Deployer Incentive Program
What is the Deployer Incentive Program?
New projects receive up to 50% of protocol fees generated by their deployed markets, distributed automatically and permissionlessly.
How does the revenue sharing work?
Initially, deployers can receive the full 50% if they own 100% of the pool. As more LPs join, their share adjusts proportionally to their ownership percentage.
What is the Fee Switch?
A built-in mechanism that can temporarily pause the Deployer Incentive Program and redirect fees to the protocol treasury if needed for development, operations, or security.
Getting Started
How do I start trading on Pennysia?
Connect your wallet to the Pennysia interface and swap tokens directly. Detailed trading guides are coming soon.
How do I provide liquidity?
Deposit equal values of two tokens, choose your directional allocation between buckets, and start earning fees. Detailed LP guides are coming soon.
How do I deploy a new market?
Use the pool deployment interface to create new trading pairs.
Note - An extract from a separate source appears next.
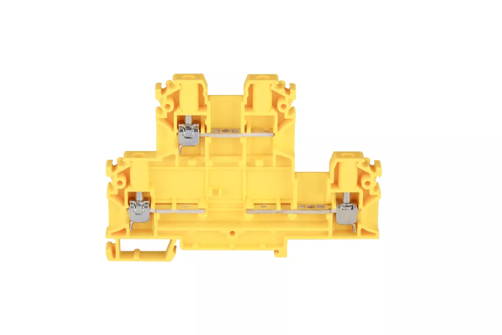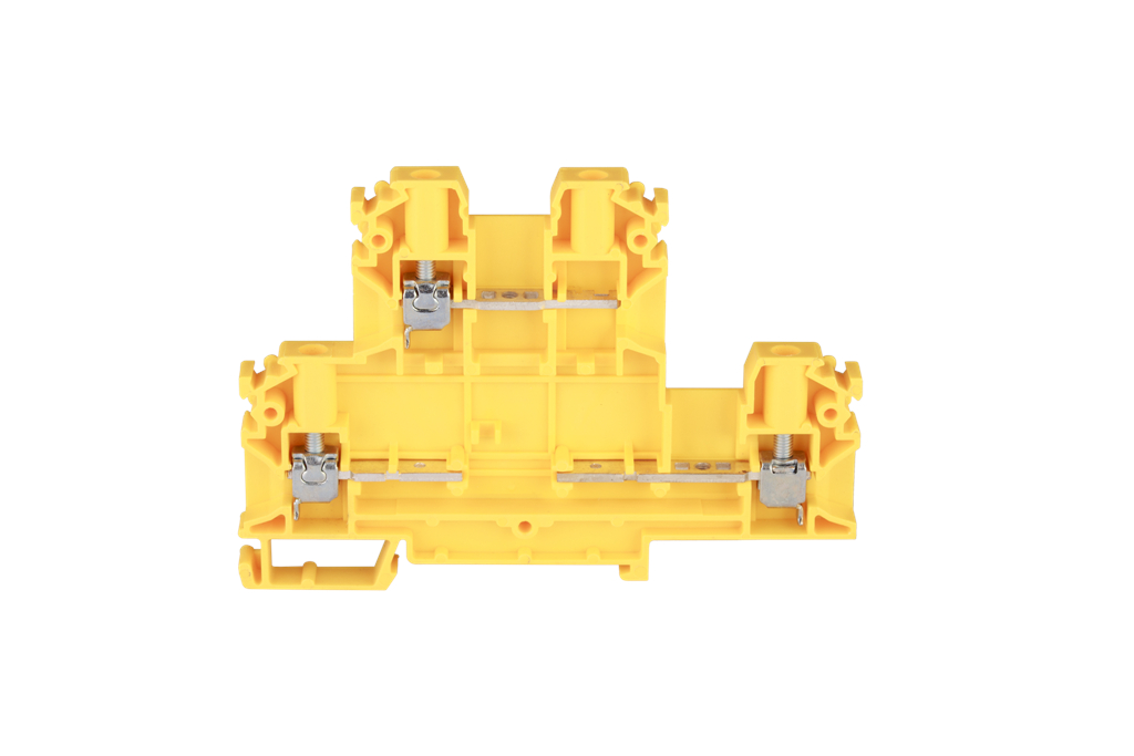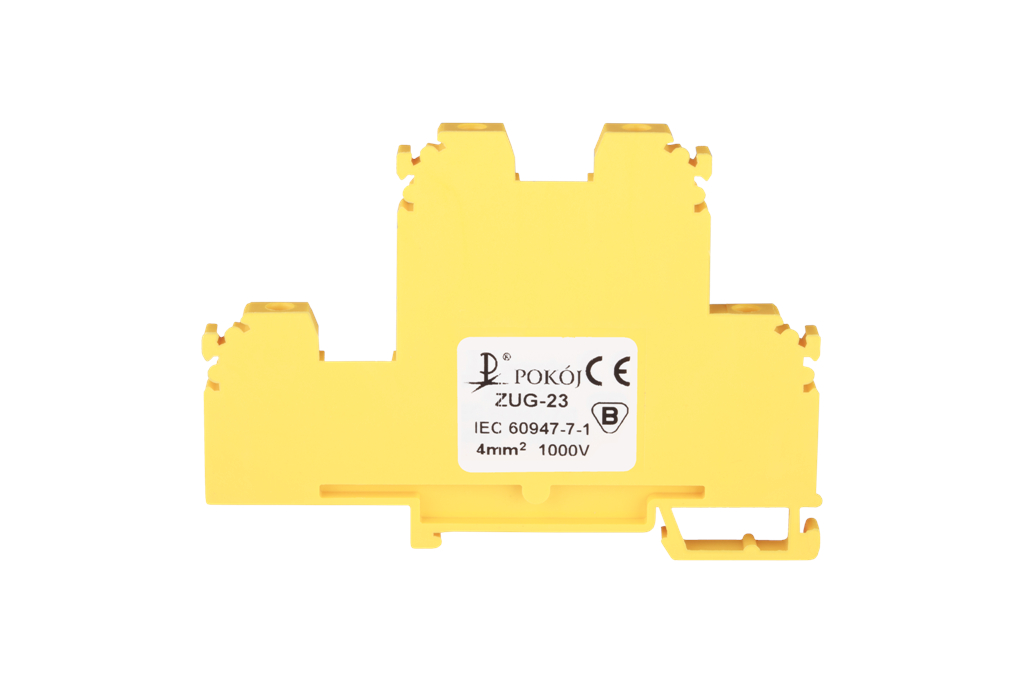 Złączka szynowa 4-przewodowa 2-piętrowa z trzema zaciskami i dzielonym torem prądowym 4mm2 żółty V0 ZUG-23 A00-C001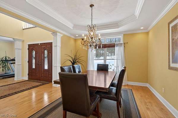 5 Bedrooms & 5 FULL Bath Quality-Built Colonial beautifully set on 2.5+ Private acres! This stately home offers over 5,200 finished sqft of Living Space, Beautiful Millwork, Crown Moldings, built-ins and Maple Hardwood floors throughout on First and Second level. 2-story Foyer opens to both Formal Living and Dining Rooms. Gourmet Kitchen with Cherry Cabinets, Granite Counters, center island, Breakfast bar, new glass backsplash, stainless steel appliances and butler's pantry. Breakfast Room with Vaulted Wood ceiling and access to New TREX Deck to enjoy Wooded Views. Family Room with Built-in Cabinetry, Bookshelves and Stone Gas Fireplace. 1st floor also includes Home Office, Mudroom & Full bath. Second level offers 4 spacious Bedrooms each with bath access, Library/Study with new French doors, convenient Second Floor Laundry Room & 3 full baths. Large Master Suite with Dressing area, Walk-in Closet and Luxury Bath with Garden tub, Separate shower, Double sink Vanity and marble floors. Full Finished Lower Level includes Rec/Family Room with Gas Fireplace, Impressive new Wet Bar with Ceramic Floors, Dinette area, Theater Room, Exercise room/5th Bedroom, Full Bath and Walk-out to Backyard Private Patio. Professionally landscaped yard with Exterior lighting and New brick front steps. Security System, Custom Blinds & many rooms have been freshly painted. 3-car Attached Garage. Chardon Schools. Don't Sleep on it or you Won't Sleep in it!

Deployers automatically become eligible for the revenue-sharing program.
Risks and Safety
What are the main risks?
Standard AMM risks include impermanent loss and smart contract risk. LPM adds no additional principal risk - wrong predictions only result in fewer fees, not capital loss.
Is Pennysia audited?
The protocol follows security best practices. Specific audit information will be available in the security documentation.
What happens in extreme market conditions?
The protocol is built on battle-tested Uniswap V2 mechanics with infinite price range coverage, eliminating liquidity depletion risks for volatile tokens.
Support and Community
Where can I get help?
The quickest way is to join the official Discord, or submit feedback through the official form.
Where can I find official social links?
Visit Official Links for all official websites, social media, and community channels.
Is there developer documentation?
Developer documentation for flashloans and integrations is launching soon with full implementation examples and integration guides.